[antidote] Is the Sky Falling for the Bells? Nah, it's just "Dirty math."

  • From: "Bruce Kushnick" <bruce@xxxxxxxxxxxxxxx>
  • To: <antidote@xxxxxxxxxxxxx>
  • Date: Thu, 4 Dec 2003 02:51:37 -0500

Karen Furbish wrote:
< However, as you know, the Bells are currently experiencing line losses due
>to wireless and broadband deployment.

(I was working on this piece. I thought it would appropriate to share it
now.)
====================
Is the Sky Falling for the Bells? Nah, it's just 'Dirty Math"
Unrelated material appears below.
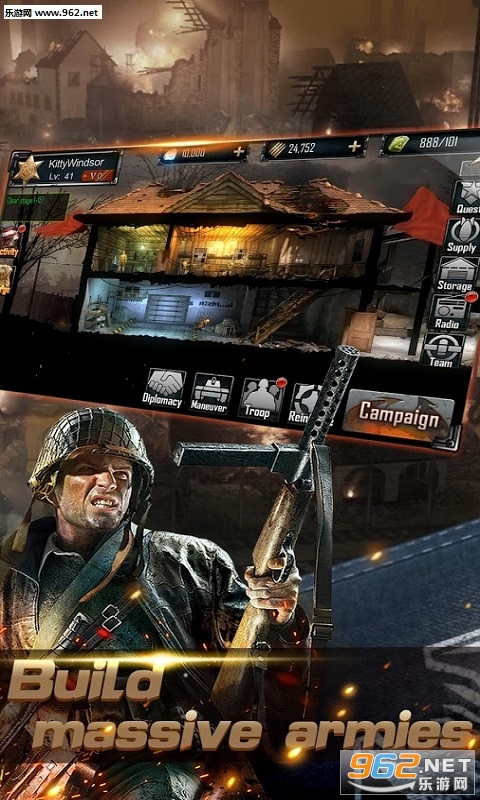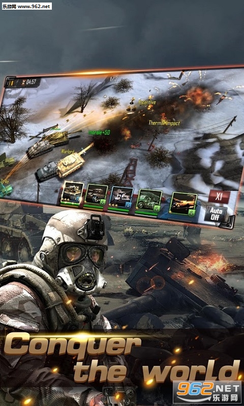 招募各种士兵和车辆,以形成自己的军队。完成任务来赚取经验和排名你的力量,统筹和团结与朋友来增加你的力量,完成每天的目标和任务,在大战场征服其他的帝国:全面冲突!

The Bells have continually complained -- "woe is us. We're losing phonelines
and
we losing business, right and left, and we need to get rid of any
regulations that allow competition."

It's another smoke and mirrors campaign by the Bells. --- It's all about
"Dirty
Math", --- the ability to play with numbers by leaving out significant other
facts.

Our last report refuted the Bells claims that the number of lines are
dropping at the rate the Bells are telling the world. (It includes Bell
data, including
 overseas losses and executive compensation, through second q, 2002)
http://www.newnetworks.com/profitreport2002.htm

Next month, New Networks and Teletruth  will be releasing a report on the
 20th anniversary of the Bells' stats -- lines, employees, revenues, (lack
of) broadband
deployment, etc.  And as many of you know we've been tracking this stuff
since 92.

Let me give you the crux of the issues as we see it.

Overall market:

a) yeah, the number of copper wiring lines into customers homes and offices
has been dropping.   One of the  largest drops is from people dropping
second
lines. This is being caused by what we now believe was hyper-growth during
the Internet boom  because when you track the census data from 1995-2002,
the number of lines increased way more than the population and then starts
to decline in 2001. --- I'll be supplying this in data form for our upcoming
report.

An example ---BellSouth, 1998  "The increase was primarily attributable to
continued economic growth  in BellSouth Telecommunications' nine-state
service region.
Growth in additional residential lines ordered by existing customers
accounted
 for approximately  30.8% of the overall increase in total access lines
since December 31, 1996."

What utility and monopoly has growth of 31% in three years without major
increases
in the overall population and households?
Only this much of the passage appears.